Over the years I have seen several client companies with managed programs make a concerted effort to grow the payrolled contingent population and search for ways to retain and re-deploy them on a project-to-project basis. I have seen as much as 40 percent of a company’s contingent worker population engaged as payrolled workers. Imagine if you were able to reduce the cost of engagement of your contingent workforce, and instead shift to using more workers but at a lower cost payroll solution. There are those who believe that this could cannibalize the staffing industry as we know it.

Reality, however, paints a different picture. I see staffing firms working on skill sets that are more specialized and warrant healthier margins.

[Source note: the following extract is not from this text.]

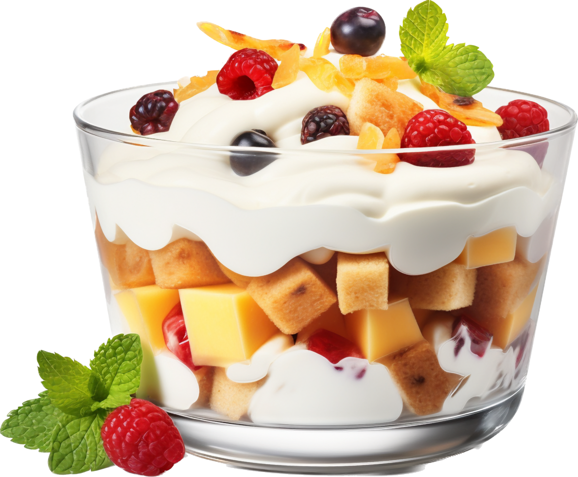 Layered custard dessert with fruits, jelly, and cake — a colorful treat!

With the shortage of talent in North America, companies have to pursue all talent acquisition avenues, and certain skills will continue to be acquired on referrals and onboarded through a payrolling firm.  

Companies have some work to do in this area. First, they need to develop procedures to retain and re-deploy payrolled workers in order to maximize their savings and efforts. Further, technology will need to catch up. Thus far, few VMS tools enable re-deployment. Since a payrolled worker is sourced by you, re-deployment sounds like a good idea. The challenge is how to do it and make it easy, while keeping your engagement methods and controls in line with each new project requirement.

And payrolling firms can do their bit by figuring out how they can be more closely involved in the talent management process, with a focus on retention and re-deployment.